In four cases, CVA6 in its 5’UTR region was in the same cluster as a strain from the UK and in two cases, it was in a separate cluster. The VP1 phylogenetic tree of CVA6 showed the same appearance as the 5’UTR tree. In the 5’UTR tree, Echovirus 6 was in the same branch as strain D, Amore, and Charles (Echovirus 6 prototypes), which was similar to the VP1 phylogenetic tree. Echovirus 30 detected in this study was similar to Bushehr strain that was isolated from Bushehr, South Iran, and created the same cluster as strains from Russia, Australia, and France, which was similar to the Echovirus 30 VP1 tree. A databank of the 5’UTR and VP1 regions of Enterovirus group B prototypes was prepared for comparing Echovirus 6 5’UTR and VP1 trees. These two trees showed different appearances in the arrangement of branches and clusters. This difference could be a sign of recombination (Figure 2). For better evaluation of recombination, Simplot analysis was done and demonstrated the possibility of a recombination event between echovirus 24, 15, and 11 in two nucleotide sites of 5’UTR, positions 374 and 394 (Figures 3 and 4).

Phylogenetic tree construction based on A, 5’UTR and B, VP1 regions of Enterovirus group B genome with MEGA 6 software. The trees were constructed by the NJ method and evaluated by the interior-branch test with 1000 replications.
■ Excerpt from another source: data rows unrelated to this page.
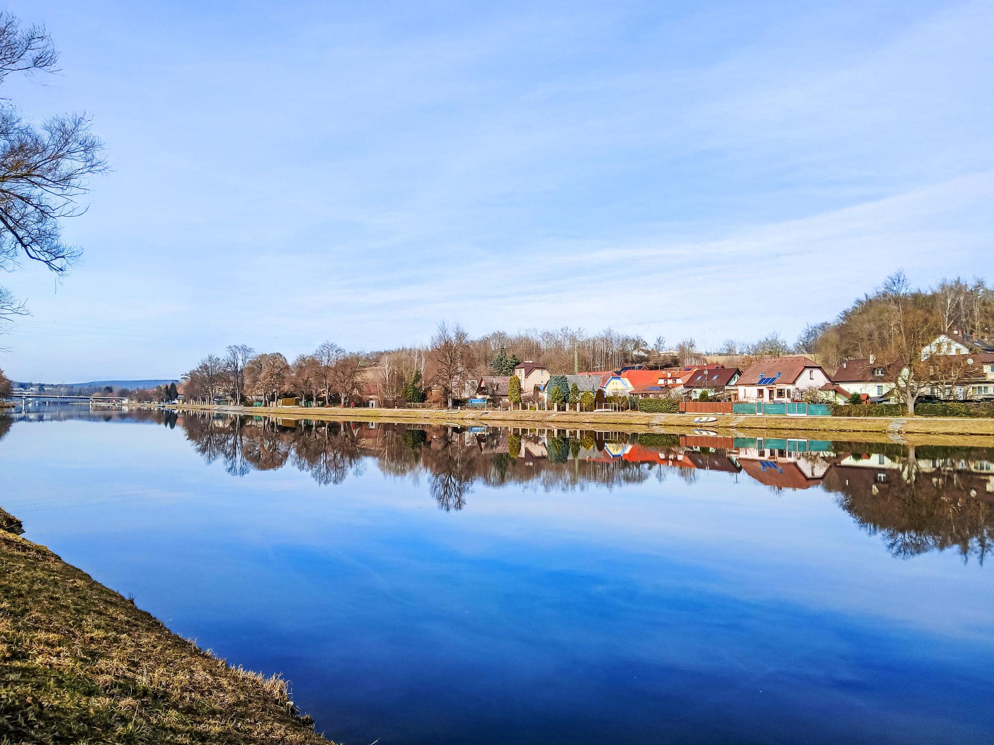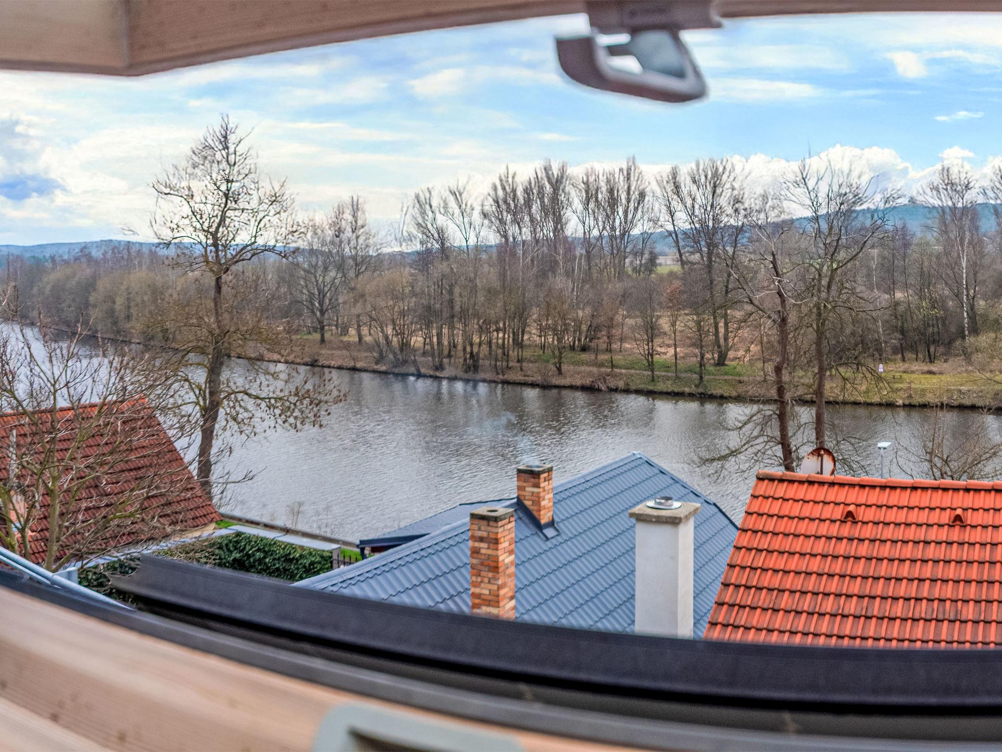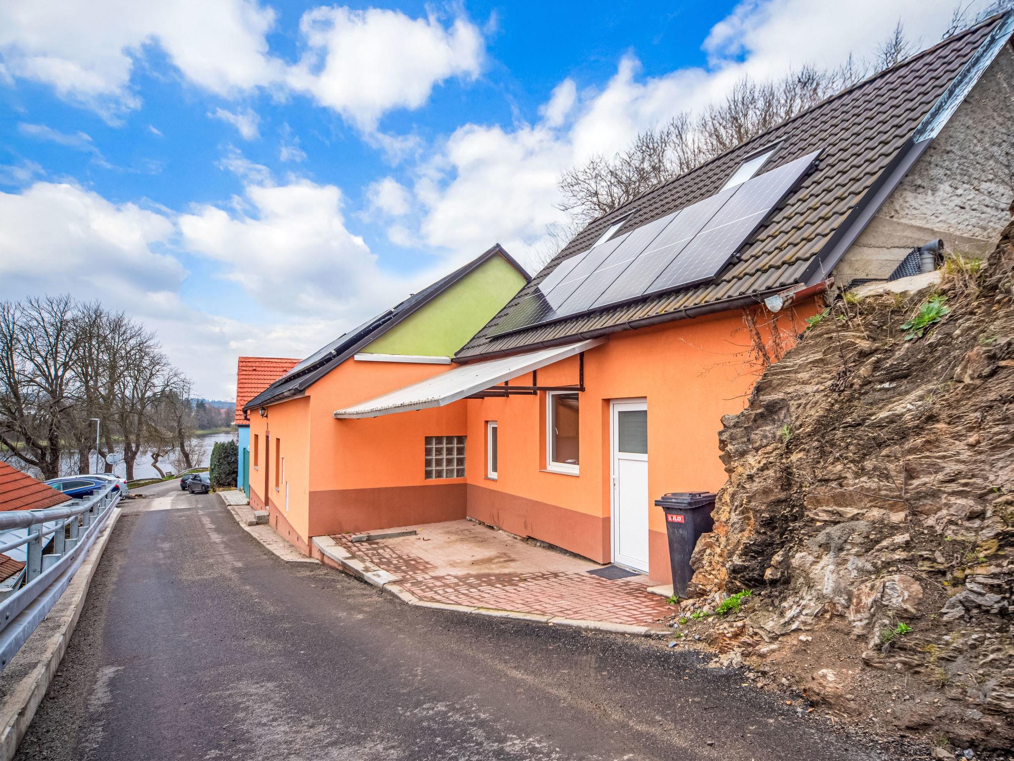 "Vltava", 2-room semi-detached house. Simple and practical furnishings: kitchen-/living room (2 hot plates, oven, kettle, microwave, electric coffee machine) with dining table, 1 pull-out bed and electric heating. Shower. Upper floor: (steep stair) with sloping ceilings, 1 room with 2 beds and separate WC. Small terrace. Terrace furniture. View of the river. Facilities: Internet (WiFi). Maximum 1 pet/ dog allowed.
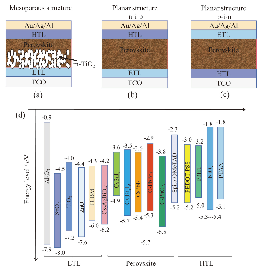 各层材料的选择对全无机钙钛矿太阳能电池的性能至关重要, 除能级匹配外, 对于n-i-p型结构, 电子传输层应具有高光透过率, 空穴传输层应具有高稳定性等优点。图1d列举了目前全无机钙钛矿太阳能电池各层较常用材料的能级结构示意图, 图中给出了各种材料的最高电子占据轨道(highest occupied molecular orbital, HOMO)能级和最低电子未占据轨道(lowest unoccupied molecular orbital, LUMO)能级。根据能级匹配原则, 界面处的自由电子会流向更低LUMO能级的材料, 而自由空穴会流向更高HOMO能级的材料。因此通过对各层材料进行合适的选择, 可以有效改善开路电压等参数性能, 获得更高的光电转换效率。
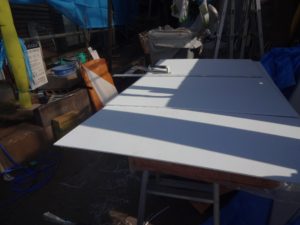 新規軒天の素材には、「ケイカル板(ケイ酸カルシウム板)」を使用していきました。
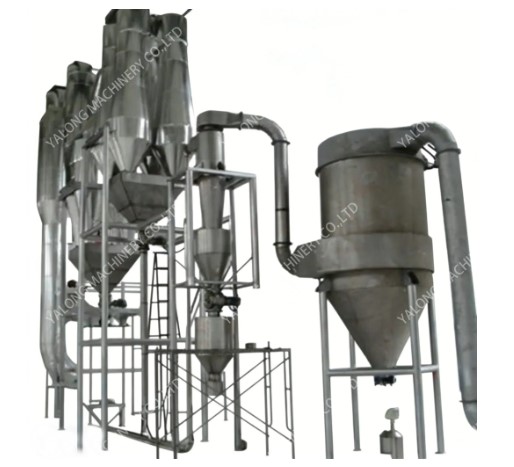 The rotary flash dryer is a highly efficient drying equipment integrating drying, crushing and screening functions. It is mainly applied in the dehydration treatment of high-viscosity and heat-sensitive materials in the chemical, food and ceramic industries, such as kaolin, soy protein and metal hydroxides. This equipment forms a rotating flow field through tangential air intake at the bottom, combined with a stirring device to shear and crush the materials. It utilizes gas-solid two-phase flow to enhance heat and mass transfer, featuring short drying time (50% shorter than traditional equipment), high thermal efficiency, and low energy consumption. The core structure of the equipment includes a classification ring, cyclone plates and a mechanical stirring system. By adjusting the diameter of the classification ring, the fineness and final moisture content of the material can be precisely controlled (for example, the final moisture content of calcium carbonate is ≤0.1%). The bottom is equipped with a special cooling device to prevent the material from deteriorating due to high temperature. The air distribution structure reduces the operating resistance, and the air pressure seal and bearing cooling technology extend the service life of the equipment. Its circumferential high gas velocity design can prevent material from adhering to the wall, support continuous feeding without bridging phenomenon, and is suitable for handling complex material forms such as paste and filter cake.
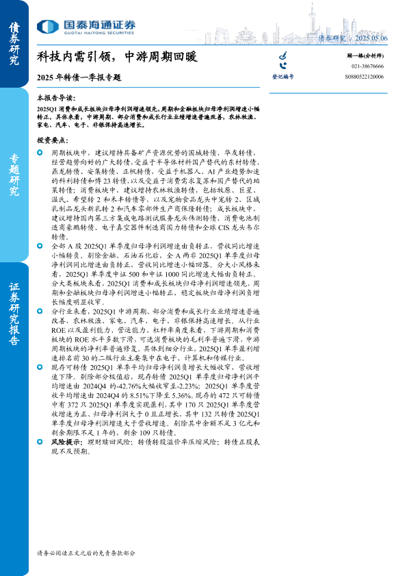 【国泰海通证券】【20250506】2025年转债一季报专题:科技内需引领,中游周期回暖-15页
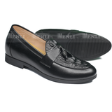 Giày tăng chiều cao nam 6.5cm, giày đế cao, giày cao nam da bò thật MENLI TC22 dập vân cá sấu sành có chuông sành điệu
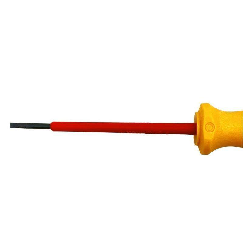 Отвертка диэлектрическая шлицевая серии 900 предназначена для работ с крепежом SL 2,5х0,4 под напряжением до 1000 В. Эргономичный дизайн рукоятки и противоскользящий материал (Soft Grip) помогает обеспечить наибольшую передачу усилия. Специальный дизайн двухкопонентной рукоятки не позволяет инструменту скатываться с поверхности. Лезвия изготовлены из специальной хромомолибден-ванадиевой стали для достижения наилучшего результата при работе! Точная посадка в крепеж обеспечивается за счет черного наконечника (Black-Tip).
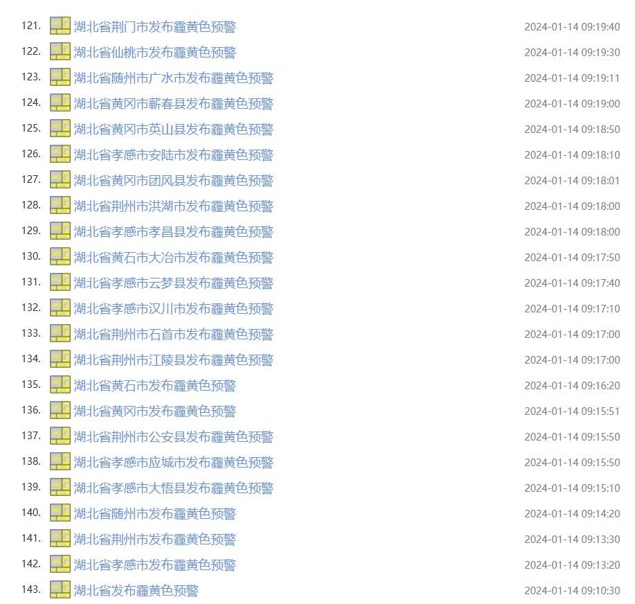 截至晚上6点,湖北已累计发布143条气象预警,其中半数为大风蓝色预警,半数为霾黄色预警。
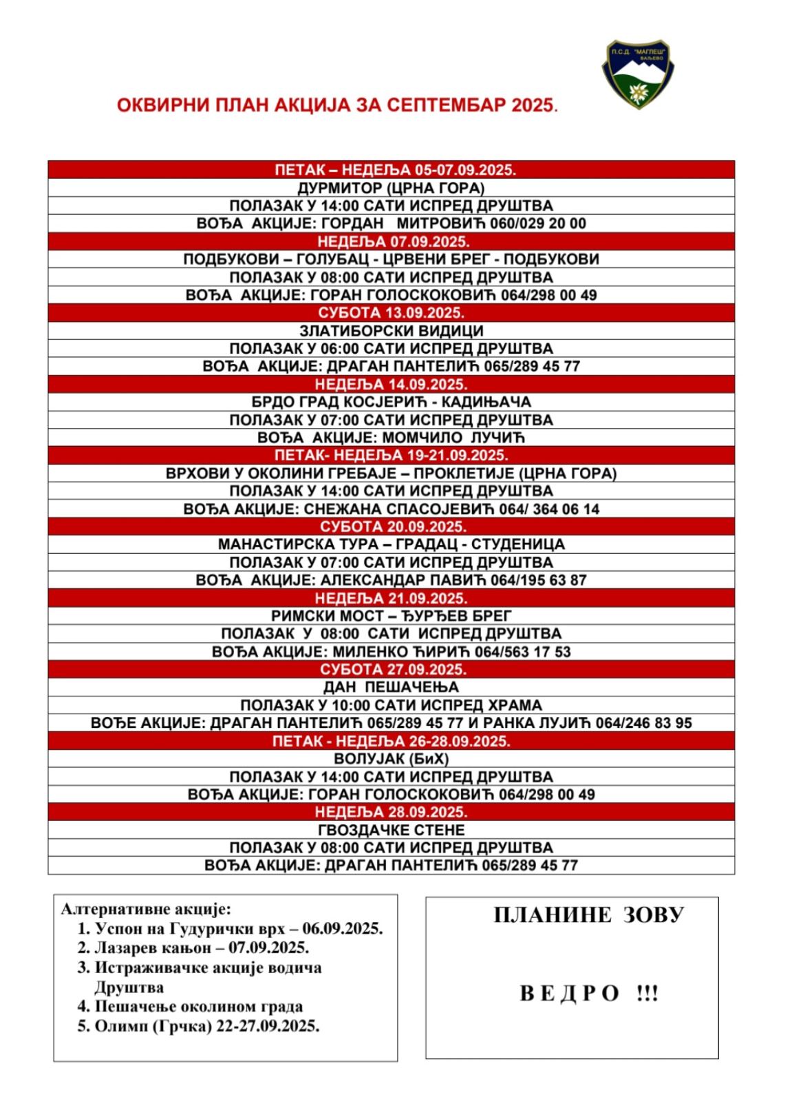 План акција за септембар 2025.
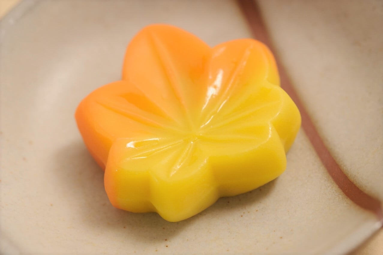 錦繍の秋を模った紅葉のこなしは、表面に寒天を塗って艶をだしております。
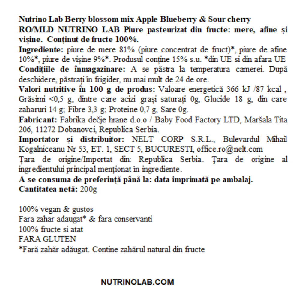 Ingrediente:Piure de mere 81% (din piure concentrat de fruct), Piure de afine 10%, Piure de visine 9%.
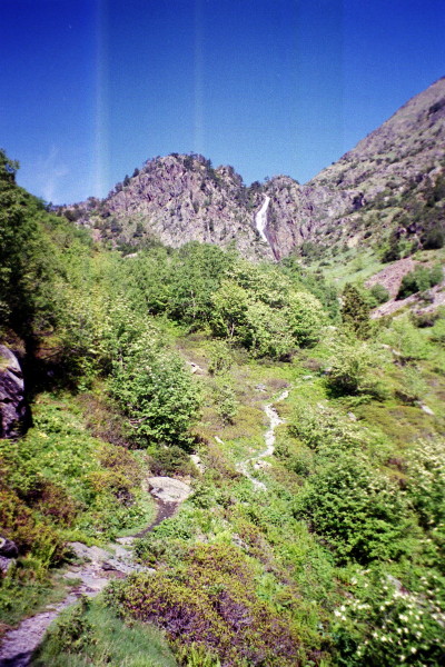 June 13, 2001 I walked downhill to the ski village of Arinsal. From there the trail led steadily up to the pass at Port de Belau at 9000 feet altitude. Along the way I saw several helicopters delivering supplies to a nearby refugio. The snow at the pass was soft and deep. Luckily none of it was very steep. Though the first few hundred yards down from the pass looked impossibly steep at first, it turned out not to be difficult. I lost the path a few times and eventually reached Pla de Boet, which had campsites.
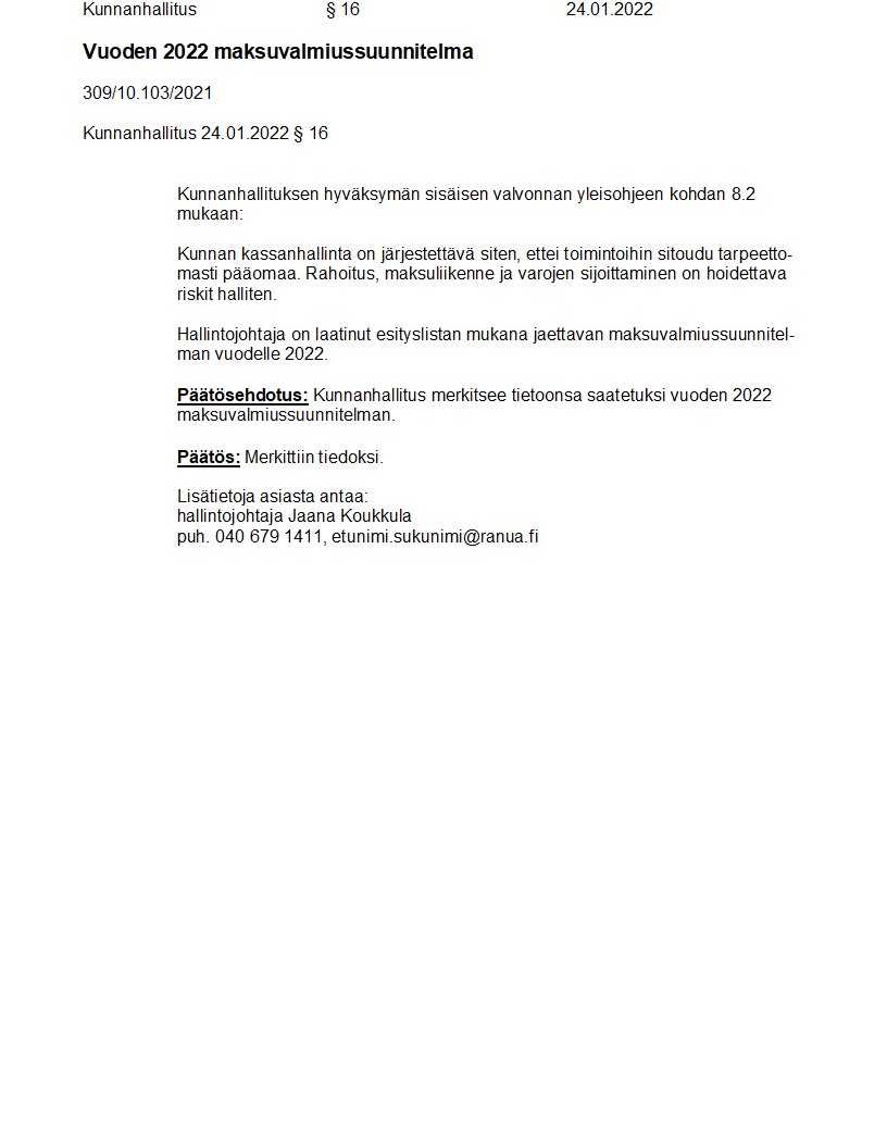 Pöytäkirja 24.01.2022/Pykälä 16
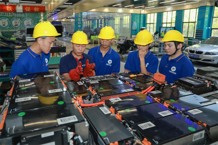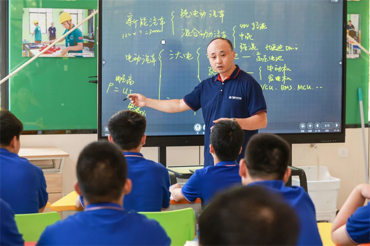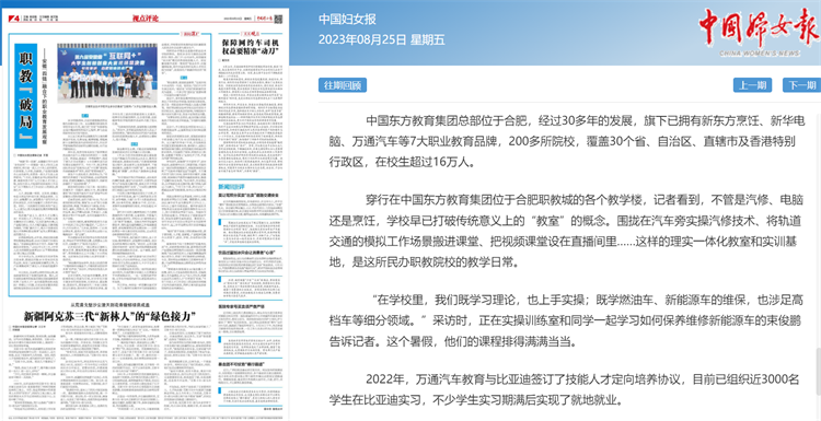 一、職業教育怎么教, 才能適應智能制造發展的需求? 萬通汽車教育作為中國東方教育集團旗下汽車職教品牌,經過30多年的發展沉淀,已在全國布局39所院校,常年在校生6萬人。 穿行在萬通的教學樓,學校早已打破傳統意義上的“教室”的概念,圍攏在汽車旁實操汽修技術、將軌道交通的模擬工作場景搬進課堂、把視頻課堂設在直播間里……這樣的理實一體化教室和實訓基地,是萬通汽車學校的教學日常。 “在學校里,我們既學習理論,也上手實操;既學燃油車、新能源車的維保,也涉足高檔車等細分領域。”正在實操訓練室和同學一起學習如何保養維修新能源車的束俊鵬這樣說。這個暑假,他們的課程排得滿滿當當。 2015年前后,萬通汽車的全國院校就陸續開設了新能源專業;5年前,智能網聯汽車專業正式招生;2022年,萬通汽車教育與比亞迪簽訂了技能人才定向培養協議,目前已組織近3000名學生在比亞迪實習,不少學生實習期滿后實現了就地就業。 無論是實訓設備、教學模式、產教融合、就業創業……萬通始終走在前列。
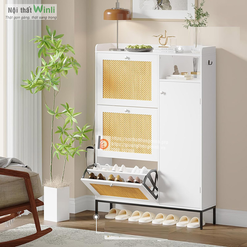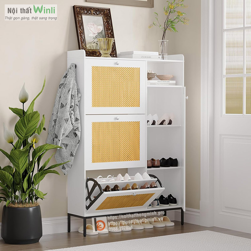 Ai thích nội thất màu trắng thì không nên bỏ qua chiếc tủ giày thông minh 3 tầng màu trắng có ngăn cao để boot dưới đây của Nội thất Winli. Thiết kế hiện đại, sang trọng và đặc biệt có sức chứa khá lớn.
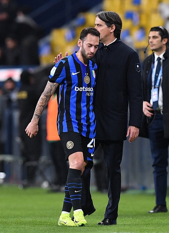 Inter forması giyen milli futbolcu Hakan Çalhanoğlu, yaşadığı sakatlık nedeniyle 35. dakikada oyundan çıktı
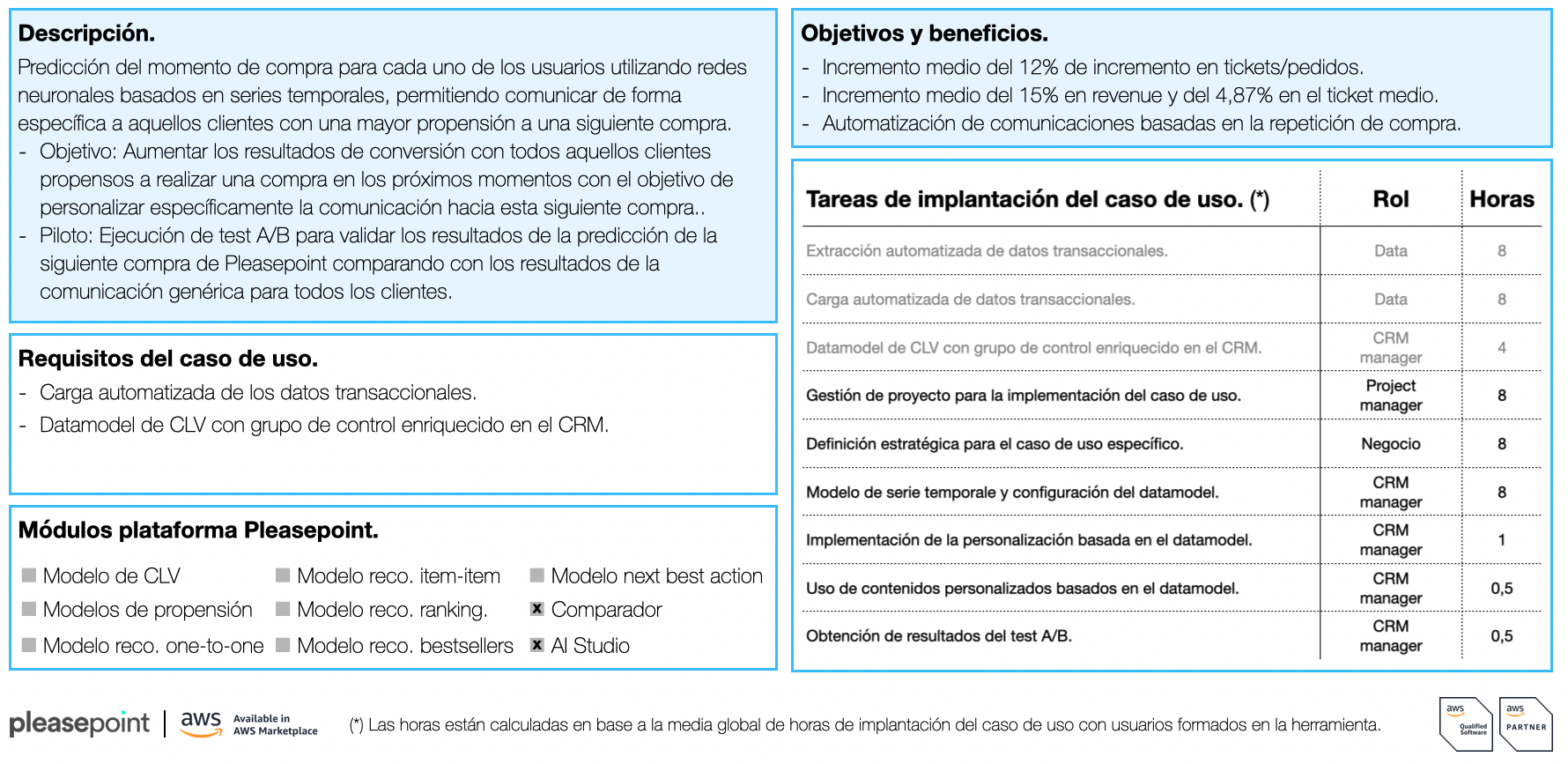 La predicción del momento de compra para cada usuario utiliza redes neuronales basadas en series temporales, permitiendo comunicar de forma específica a aquellos clientes con mayor propensión a realizar una compra.
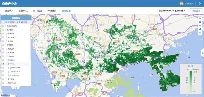 今年8月份,深圳市生態環境局組織中科院生態環境研究中心和市環科院開發並上線了首個城市GEP自動化計算平台,可實現200餘項統計數據在線填報,十餘種生態系統服務價值核算結果一鍵得出,極大地提高了核算精度和效率。

The values under 70% were omitted. In the 5’UTR analysis, Echovirus 6 was put in the same branch as Echovirus 2; however, VP1 analysis was put in the same branch as Echovirus 6 isolate as expected.
Figure 2. Phylogenetic tree construction based on A, 5’UTR and B, VP1 regions of Enterovirus group B genome with MEGA 6 software. The trees were constructed by the NJ method and evaluated by the interior-branch test with 1000 replications. The values under 70% were omitted. In the 5’UTR analysis, Echovirus 6 was put in the same branch as Echovirus 2; however, VP1 analysis was put in the same branch as Echovirus 6 isolate as expected.
A, Simplot analysis of 5’UTR of Echovirus 6 compared to Enterovirus Group B prototypes and isolates. B, many similar isolates to E6 were selected and separated from others for boot scan analysis. C, Boot scan analysis confirmed that three serotypes including E11, E15, and E24 had many similarities to E6 serotype detected in this study. The test was carried out in windows of 200 bp and steps of 20 bp. The threshold of boot scan test was 70%.
Figure 3. A, Simplot analysis of 5’UTR of Echovirus 6 compared to Enterovirus Group B prototypes and isolates. B, many similar isolates to E6 were selected and separated from others for boot scan analysis. C, Boot scan analysis confirmed that three serotypes including E11, E15, and E24 had many similarities to E6 serotype detected in this study. The test was carried out in windows of 200 bp and steps of 20 bp. The threshold of boot scan test was 70%.
A hypothetical schematic view of possible replicative copy choice recombination of 5’UTR between Echovirus 24, 15, and 11
Figure 4. A hypothetical schematic view of possible replicative copy choice recombination of 5’UTR between Echovirus 24, 15, and 11

5. Discussion

HFMD is a universal disease that usually occurs in children. A member of the Picornaviridae family is recognized as the highly contagious viral agent responsible for HFMD that has been separated in various countries including France, USA, India, Japan, etc. (13, 14). Although the main causes of HFMD are CVA16 and EV71, other serotypes such as CV A6, A10, A4, B3, B5, etc. have also been reported (15). Recent studies have shown the turning of the etiologic agent of HFMD from current serotypes such as EV71 and CV16 to CVA6 as an important agent for HFMD. For instance, the 2012 outbreak of HFMD in Thailand was because of CVA6, but from 2008-2011, CVA16 and EV71 were the major viral agents (16). It is confirmed by similar reports from China, Singapore (2008), Finland (2008), Japan (2010), Taiwan (2010), Thailand (2012), India (2012), and North America (2012) (3, 14, 16-21).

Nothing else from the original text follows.